Test drive it first. You should ask yourself; why hasn't it sold? It seems their must be a problem if the dealer can't get rid of it.


----------



## rogoman (Dec 16, 2004)

Maine said:


> How do I go about negotiation. Can I get it for 5,500? I've been doing lots of research, but I'm finding a lot of the same things. E.g: be calm, don't get too attatched, don't talk about how much you're willing to spend, be prepared to walk, offer 10-25% less than sticker to start etc. but I want to know more. looking for all advice.


Your negotiation techniques sound good. The N.A.D.A. and Kelley blue book prices are around $7500; try for $7000.

By all means test drive the car. Listen for any unusual noises at various speeds. Feel if the car pulls to either side on a flat road; if so, alignment might be off or suspension damage. Check for any electrical problems; if any, these may be hard to fix. Make sure the "check engine" light does not come during running.

If the car has an automatic transmission, it's a CVT (Continuously Variable Transmission). 2007 was the first year the CVTs were used. There have been some problems with excessive noise, not moving up in gears (similar to up shifting).

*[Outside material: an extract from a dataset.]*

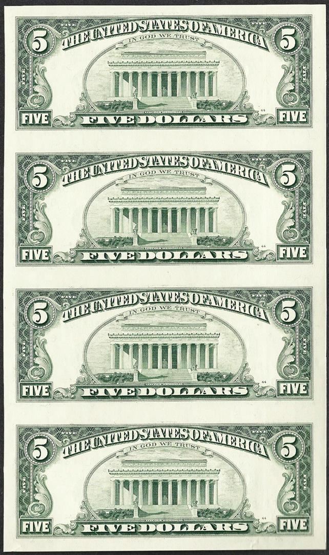 One Uncut Sheet of (4) 1995 $5 Federal Reserve Notes Atlanta.
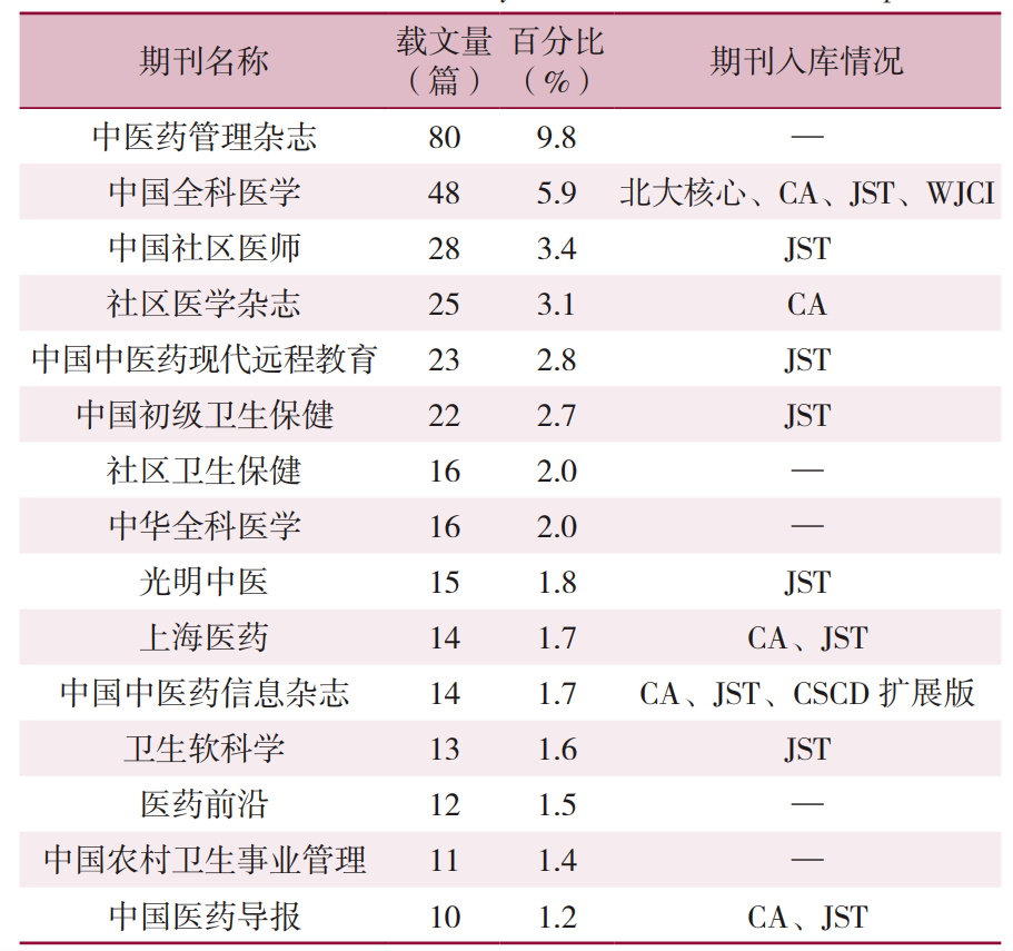 图3 1998—2022 年社区卫生服务机构开展中医药服务相关文献的年度发文量 2.2 论文来源期刊和院校统计 (1)纳入的813篇期刊论文来源于270种期刊,载文量排在前15位的期刊见图4。

If the car has a manual transmission, then you should be OK. Just make sure the clutch is good.


----------



## baileychic8 (Nov 6, 2021)

Maine said:


> I'm currently looking at a 2007 Altima 2.5s with 108k at a small dealer. I went and looked at it and it's really clean interior, very little rust(surface on undercarriage). Carfax is clean with one owner. I started it and it idled nice and long story short everything checks out well. I didn't test drive it, I plan to. I asked the dealer to tell me about it and as I did I said how long have you had it and he said a couple months. He said the price started at $9,995 and he decreased to 9,500 then 9000, to 8595, then 8000 and now 7550. at the end of the day I want to spend $5,500. It books on two different sites as 5,000 even (edmunds and KBB) I plan on paying in cash. How do I go about negotiation. Can I get it for 5,500? I've been doing lots of research, but I'm finding a lot of the same things. E.g: be calm, don't get too attatched, don't talk about how much you're willing to spend, be prepared to walk, offer 10-25% less than sticker to start etc. but I want to know more. looking for all advice.


Get him even lower by walking away. Expect repairs coming soon....new battery, ac compressor, condenser, drier, catalytic converter and o2 sensors, oil pump sensor, coolant temp sensor, thermometer and water valve. Not counting tires, oil change and cvt fluid change. If you can repair it yourself all this is around 7-800 bucks not oem parts. I used an ac replacement kit from O'Reilly's lifetime warranty was $400.00. Then random cheap parts ordered online. I'm sure I have forgotten something, I have owned mine 2 years and it still needs more work. This car has saved my life twice tho in "accidents" that should have seriously hurt me but the car barely has a scratch. That and it has never left me stranded. Priceless if you ask me. I paid $1,900 for mine but it had 150,000 miles on it.


----------